Sialan! Kurang ajar betul si Junun ini. Tak bisakah ia lihat aku sudah menggigil dan gemetaran? Tak punya perasaan dia! Celanaku sudah basah pula!

“Tadarrus !!! tadarrus ! Iqra’! Khatamkan tadarrus kehidupanmu sendiri! Kehidupanmu sendiri! Pandanglah kisah hidupmu, lihatlah bagaimana apa yang kau punya saat ini kau dapatkan! Ejalah catatan hidupmu, bagaimana engkau menggusur, membongkar, menindas, mendhalimi tidak hanya orang lain melainkan dirimu sendiri!. Kalau kau beruntung, kelak kau akan bertanya,”Kenapa aku ternyata sedemikian tidak mampu menahan diri?” Tadarrus!”
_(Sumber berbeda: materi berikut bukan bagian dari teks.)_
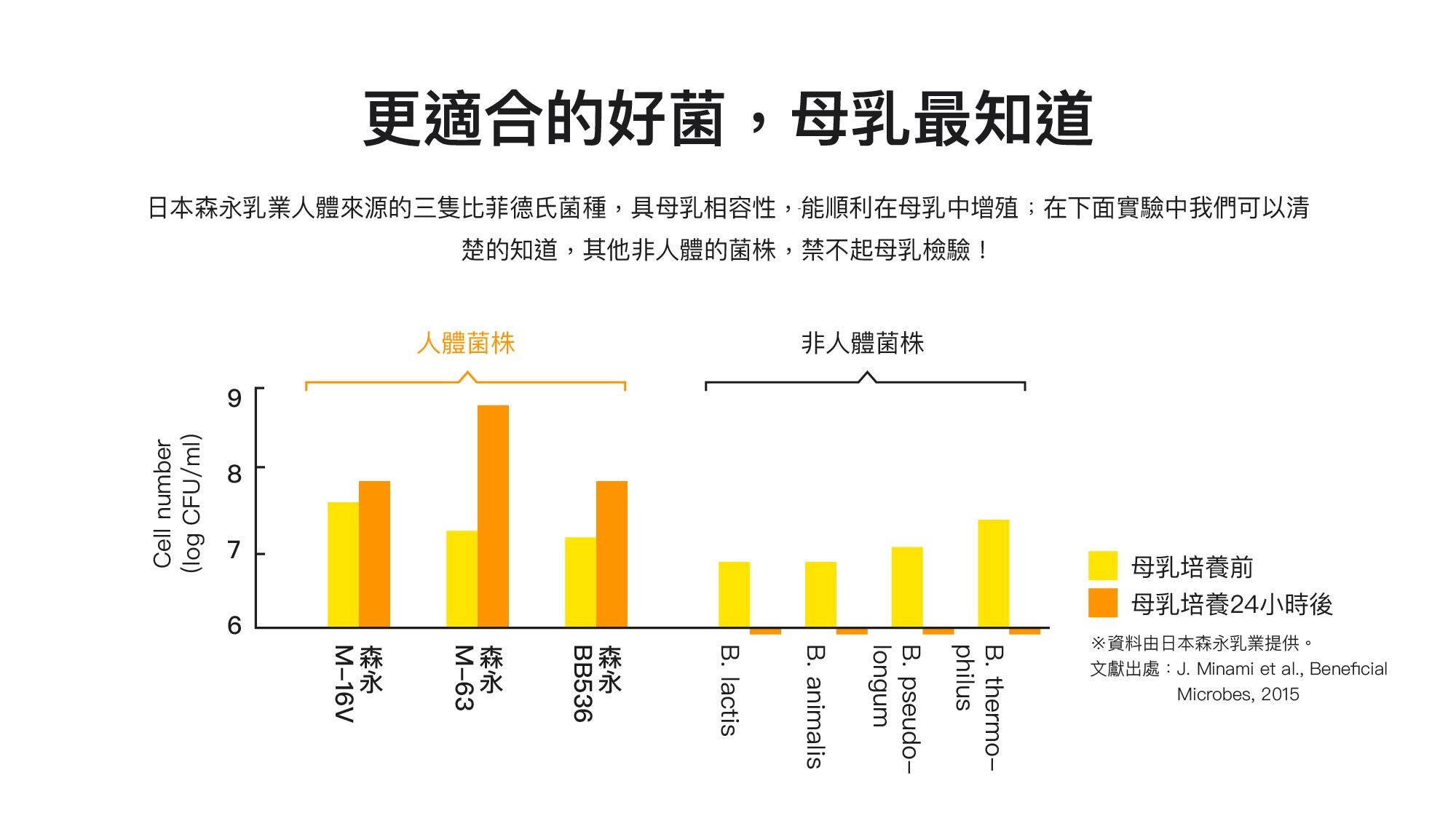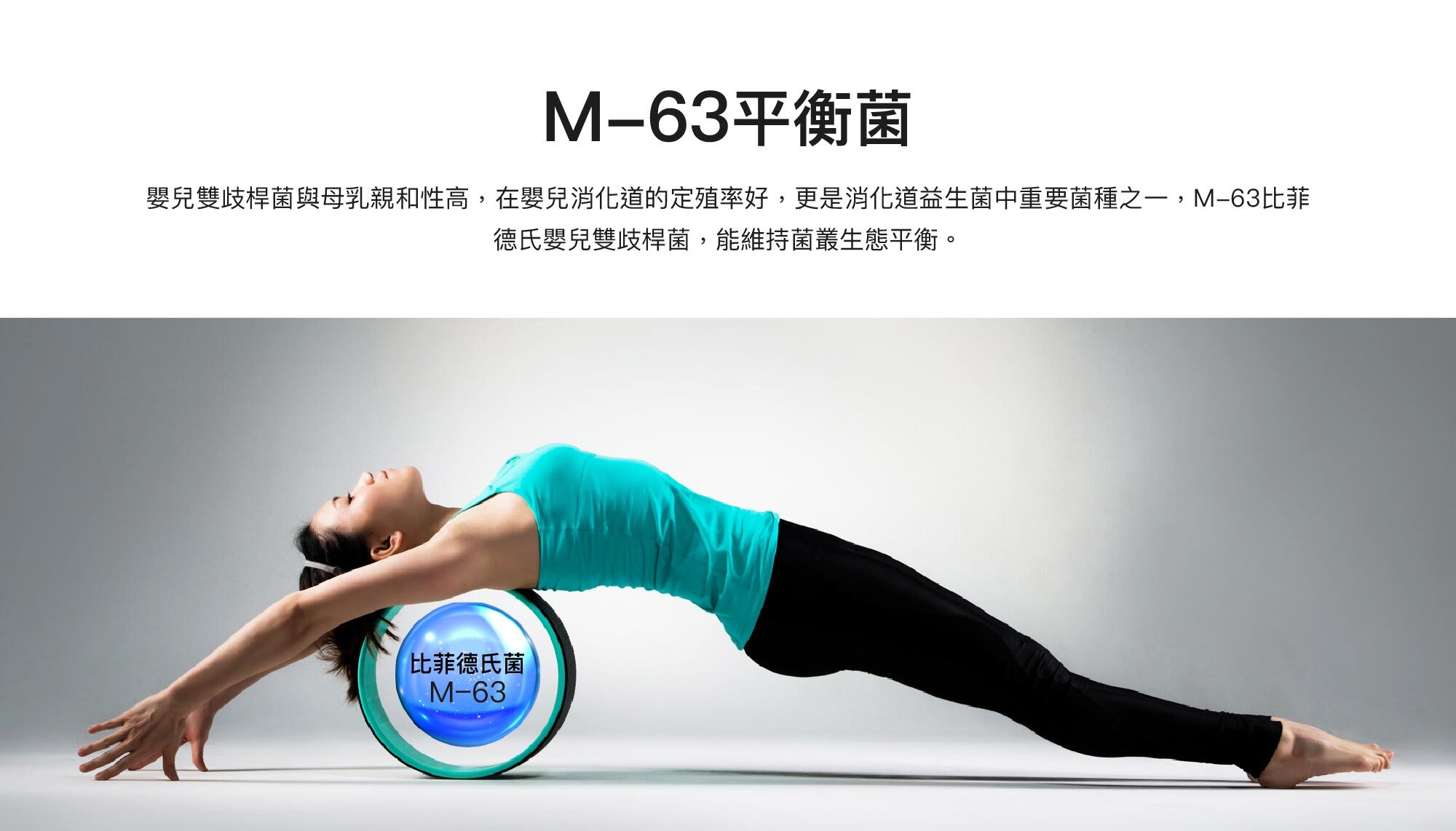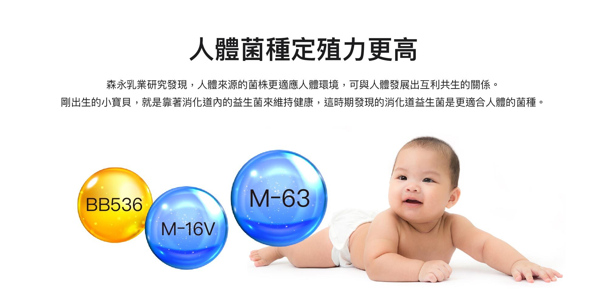 3.M-63輔生菌:嬰兒雙歧桿菌屬於寶貝與媽媽的天生自然菌種,更是消化道益生菌中重要菌種之一,M-63V比菲德氏嬰兒雙歧桿菌,能幫助改變細菌叢生態,幫助維持消化道機能。

“Jangan kau gede rumongso hanya kau yang puasa. Ketika Allah mengatakan ibadah puasa khusus untukNya, Allah sudah melakukannya. Beliau sudah sejak lama berpuasa menahan diri!!! Dengan dosa-dosamu yang sedemikian bertumpuk -baik dosa individual maupun dosa sosialmu, tak pantaskah kalau sejak dulu Allah murka dan menghancurkanmu laksana bukit di hadapan Musa ketika Musa khalwat di bukit Katrina (Jabal Catherine)? Tidak! Allah tetap memperkenankanmu menghirup udaraNya, meminum airNya. Mengizinkanmu tertawa-tawa cengengesan –seolah-olah Ia menutup mripatNya pada tingkah polahmu yang begitu maling, begitu munafik dan begitu kufur?”

Setelah kalimatnya yang terakhir itu, nafasnya tersengal-sengal menemani nafasku yang sedari tadi sudah tersengal-sengal. Aku jadi berfikir, siapakah yang sebenarnya lebih pantas menyandang “junun” ini sehingga disebut “majnun”. Ia atau aku?

“Nun,”ujarku sambil tetap tersengal-sengal. “Maaf. Tak adakah peluang untukku …!”

Dan banjir bandang terus saja menerjang. Dan rembulan pucat masih terus menggigil. Sendirian.